La liberté de conscience, garante de toutes les libertés religieuses,
présuppose en effet que les êtres humains sont libres de choisir leurs
croyances. Or la plupart des religions ont bâti leurs empires précisément sur
l'embrigadement précoce d'individus trop jeunes pour disposer de cette liberté.

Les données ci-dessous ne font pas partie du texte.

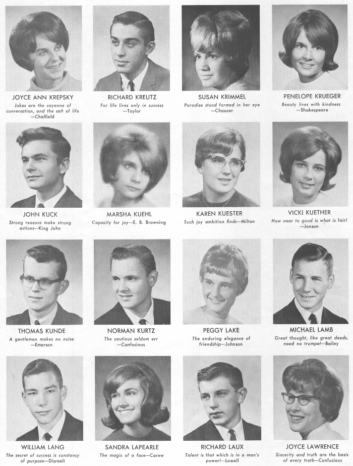 1965 Sheboygan South High School, Page 40: Joyce Ann Krepsky, Richard Kreutz, Susan Krimmel, Penelope Krueger, John Kuck, Marsha Kuehl, Karen Kuester, Vicki Kuether, Thomas Kunde, Norman Kurtz, Peggy Lake, Michael Lamb, William Lang, Sandra Lapearle, Richard Laux, Joyce Lawrence.

Et elles tiennent plus que tout à ce pouvoir, si l'on en croit les réactions de
toutes les autorités religieuses (y compris chrétiennes, bien qu'a priori non
concernées) au jugement allemand, ou
si l'on en croit la résistance de l'église catholique aux demandes croissantes
de débaptisation.
Ainsi, comme le reconnaît le rabbin David Meyer, il y a un conflit franc
et massif entre la Charte des droits fondamentaux de l'Union
Européenne et le modus operandi des religions. Il choisit de résoudre ce
conflit en mettant en cause la première, au motif qu'il est des choses qu'on ne
choisit pas, et qu'en particulier on ne choisirait pas d'être juif. Cette
affirmation présuppose que le judaïsme est une propriété consubstantielle de
l'individu, à l'instar de son ethnie ou de son groupe sanguin. Mais, s'il est
vrai qu'on ne choisit pas son ethnie ou son groupe sanguin, il s'agit là de
propriétés naturelles de l'individu qui ne sont en aucun cas imposées par
d'autres personnes. Le judaïsme, lui, n'est pas une propriété naturelle, et la
conception ethnique du judaïsme est au mieux une idéalisation. Le judaïsme, comme la
plupart des autres religions, est ouvert depuis des millénaires aux conversions
venant de toutes les ethnies. Puisqu'il est possible de choisir une religion, judaïsme ou autre, en toute
liberté et en pleine connaissance de cause, il n'y a aucune excuse pour que ce
ne soit pas systématiquement et obligatoirement le cas. La liberté de
religion n'est pas la liberté d'imposer sa religion aux autres, fussent-ils ses
propres enfants.
Le baptême (et ses avatars dans d'autres religions), s'il peut paraître
bien anodin, pose problème en tant que premier acte d'une longue série de rites
d'appartenance et d'étapes d'endoctrinement. Il accrédite l'idée qu'il est
normal que de jeunes enfants héritent automatiquement et sans leur consentement
de la religion de leurs parents. Par ailleurs le baptême n'est pas juste une
cérémonie privée impliquant uniquement le libre choix des parents, c'est une
initiation officielle pratiquée par des autorités religieuses dont les
motivations profondes peuvent être très éloignées de celles des parents, et qui
l'utilisent pour s'assurer un endoctrinement et un recrutement optimal de la
génération suivante. Le principe même du baptême étant donc en contradiction
patente avec la liberté de conscience, il faut y renoncer. Au-delà du baptême
et de la circoncision, ce sont toutes les formes d'endoctrinement et
d'initiation précoces qui sont à bannir: catéchisme, professions de foi,
communions…
La France s'honorerait en garantissant à tous ses enfants la liberté de
conscience, liberté qui leur est déjà acquise en droit mais qui a été
systématiquement bafouée jusqu'à présent. Il est donc temps d'envisager
sérieusement d'interdire tous les rites impliquant l'appartenance d'enfants à
une religion et toutes les formes d'endoctrinement religieux, soit jusqu'à
l'âge de leur majorité civile, soit jusqu'à l'âge d'une majorité religieuse qui
serait à définir par le législateur, mais dont on comprendrait mal qu'il puisse
être inférieur à celui de la majorité sexuelle.